Antibiotic-Resistant Bacteria in Hospital Sewages and Treated Urban Wastewater: A Case Study from Marrakech (Morocco)
Fouzia El-Ogri1,2,3, Naaila Ouazzani2, Fatima Boraâm3, Nabila Soraa4 and Laila Mandi1,2*
1National Center for Research and Study on Water and Energy (CNEREE), Cadi Ayyad University, Morocco
2Laboratory of Hydrobiology, Faculty of Sciences Semlalia, Morocco
3Regional Laboratory of Epidemiology and Environmental Health, Delegation of Health, Morocco
4Laboratory of bacteriology-virology, Cadi Ayyad University, Morocco
Submission: January 29, 2019; Published: May 10, 2019
*Corresponding author:Laila Mandi, National Center for Research and Study on Water and Energy, Cadi Ayyad University, Marrakech, Morocco
How to cite this article: Fouzia El-Ogri, Naaila Ouazzani, Fatima Boraâm, Nabila Soraa, Laila Mandi. Antibiotic-Resistant Bacteria in Hospital Sewages and Treated Urban Wastewater: A Case Study from Marrakech (Morocco). Adv Res Gastroentero Hepatol. 2019; 12(5): 555850. DOI: 10.19080/ARGH.2019.12.555850.
Abstract
This study investigated the evaluation of the emergence of antibiotic resistance in bacteria isolated from untreated hospital wastewaters and their transmission to the receiving Wastewater Treatment Plant (WWTP) of Marrakech city. Water sampling was conducted from January 2015 to June 2015 at fourteen different points (each department of the hospital, main effluent outlet of the hospital, WWTP (inlet, secondary and tertiary treatment)). The study showed that hospital sewages and wastewater collected at the inlet and after secondary treatment by Marrakech WWTP were loaded with pathogenic bacteria such as Escherichia coli, Klebsiella pneumoniae, Salmonella spp, Aeromonas hydrophyla, Pseudomonas aeruginosa, Acinetobacter baumanii, Enterococcus faecalis, Enterococcus faecium and Staphylococcus aureus. In this study we isolated 285 strains: 227 from the sewers of CHU hospital effluents and 58 strains collected at the entrance and after secondary treatment at Marrakech WWTP, they were loaded with potential pathogenic bacteria such as E. coli (n=52), K. pneumoniae (n=29), A. hydrophyla (n=28), P. aeruginosa (n=16), A. baumanii (n=17), E. faecalis (n=23), E. faecium (n=7) and S. aureus (n=8). Most of the isolated strains (63.3%, n=180) were resistant to all the tested antibiotic families: beta-lactams (carbanims n=3; cephalosporins n=6; penicillins n=10; monobactams n=1), fluoroquinolones (n=3) and aminosides (n=4), except for the P. aeruginosa strain which was resistant to beta-lactam antibiotics, especially imipenem and ceftazidime. The majority of these bacterial strains were known to be involved in nosocomial infections. On the other hand, there is an absence of these antibiotic-resistant bacteria after advanced tertiary treatment of these effluents at the Marrakech WWTP. This means that advanced tertiary treatment plays an important role in removing pathogenic strains and preserving the environment. A proper use of antibiotics updated by regular programs to monitor the susceptibility of bacteria to antibiotics remains one of the key tools for reducing the magnitude of the bacterial resistance rising phenomenon. Therefore, the impact of hospital effluents on the diffusion of antibiotic resistance in the environment needs to be carefully considered.

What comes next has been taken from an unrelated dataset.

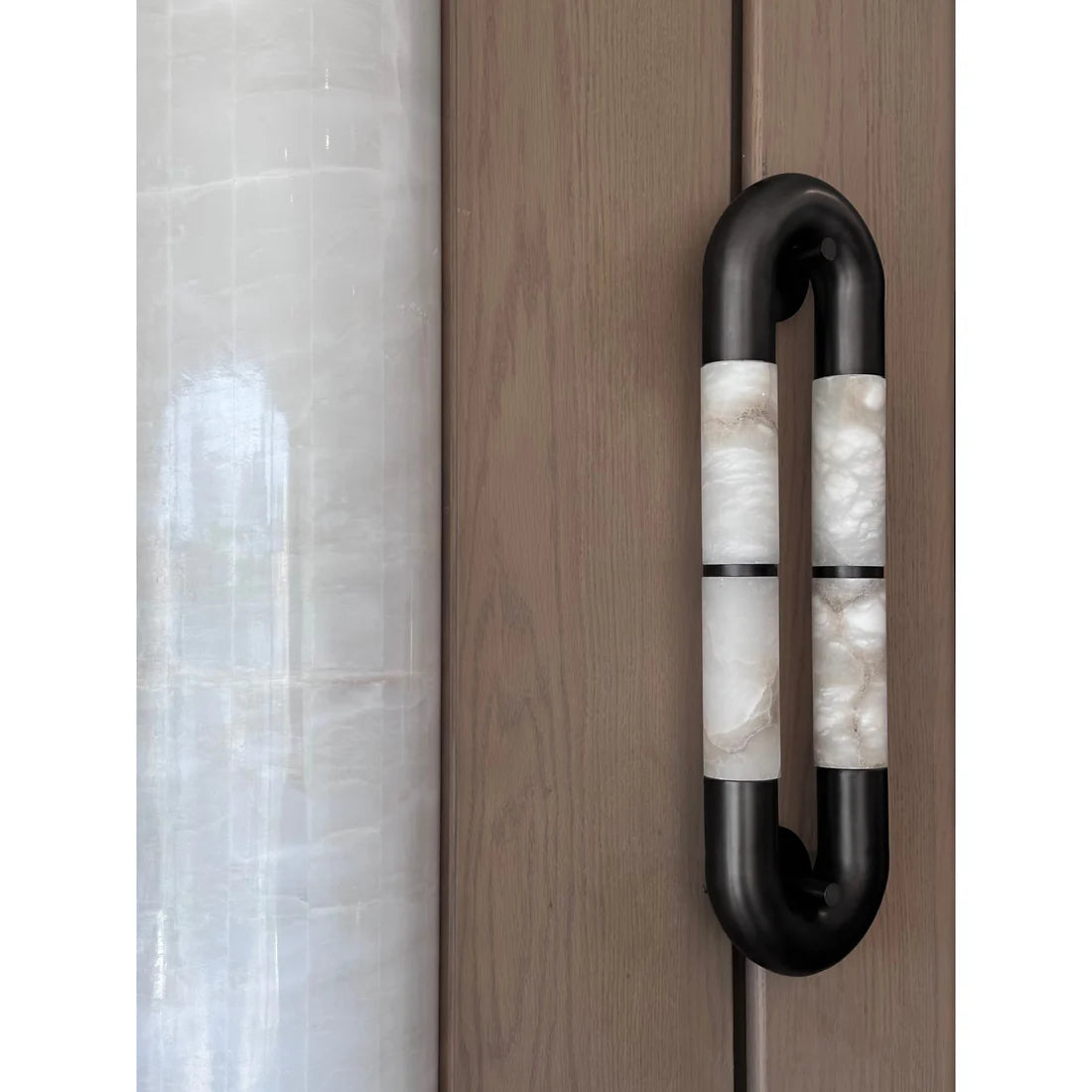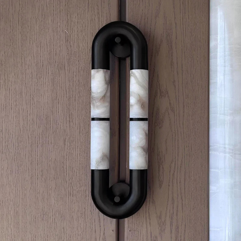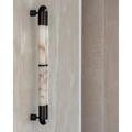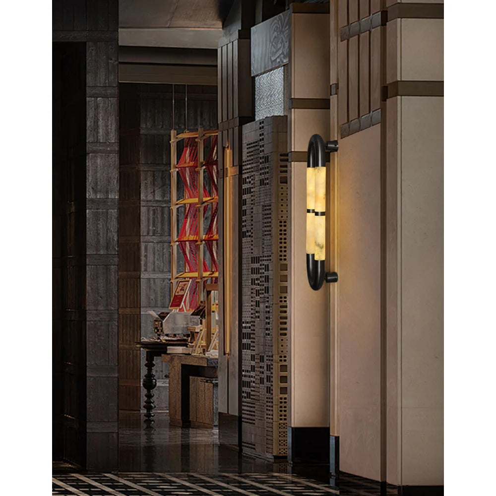 A sleek alabaster tube wall sconce framed in black stainless steel, designed for bathrooms, hallways, and modern interiors. The natural veining of alabaster diffuses a soft, ambient glow, creating a refined atmosphere. Perfect for luxury homes, boutique hotels, and contemporary spaces seeking a minimalist yet sculptural lighting solution.
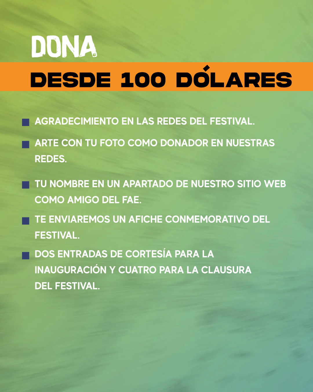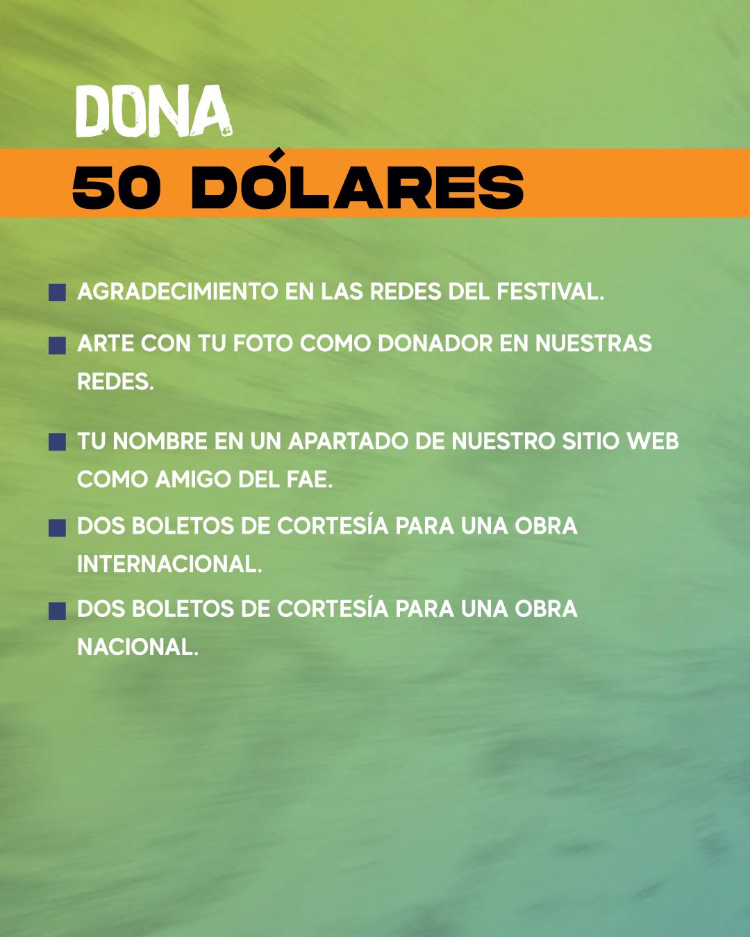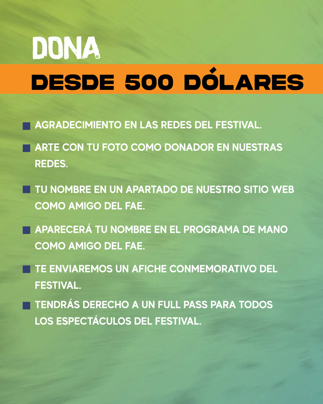 Con tu donación $10, $50, $100 o $500, podrán seguir desarrollando experiencias que impactan positivamente a niños, jóvenes, artistas emergentes y familias enteras.

Keywords: Antibiotic resistance; Pathogenic bacteria; Hospital effluents; WWTP effluents; Antibiotic resistant bacteria; Food industry; Water consumption; Bacteria; Sewage treatment plants; Infection; Antimicrobial therapy; Escherichia coli; Klebsiella pneumoniae; Salmonella spp; Aeromonas hydrophyla; Pseudomonas aeruginosa; Acinetobacter baumanii; Enterococcus faecalis; Enterococcus faecium
Abbrevations: ARB: Antibiotic Resistant Bacteria; WWTP: Sewage Treatment Plants; CLSI: Clinical and Laboratory Standard Institute; SFM: Society of Microbiology; EUCAST: European Committee on Antimicrobial Susceptibility Testing; FQs: Fluoroquinolones; KTG: Kanamycin, Tobramycin and Gentamycin
Introduction
The emergence and spread of infection-causing Antibiotic Resistant Bacteria (ARB) is considered as a major threat to human health due to excessive and abusive use of antibiotics [1] and their release into municipal wastewater following their elimination [2]. They can therefore reach surface water and groundwater through different routes, such as sewage treatment plants (WWTP) effluent (as they are not completely eliminated), runoff water or water infiltration used for agricultural purposes. Antibiotics pose a significant risk to human health and the environment, even at low concentrations [3]. Among the multiple reservoirs and pathways of antibiotic resistance dissemination, hospital liquid waste collectors, municipal wastewater, and sewage treatment plants play an important role [4]. In addition, the excessive and abusive use of antibiotics has led to the emergence of ARB, which undermines the effectiveness of antimicrobial therapy because infectious organisms become resistant to most antibiotics [5]. Food of animal origin can also be a source of ARB due to the intensive use of antimicrobials in the food industry in many parts of the world [6].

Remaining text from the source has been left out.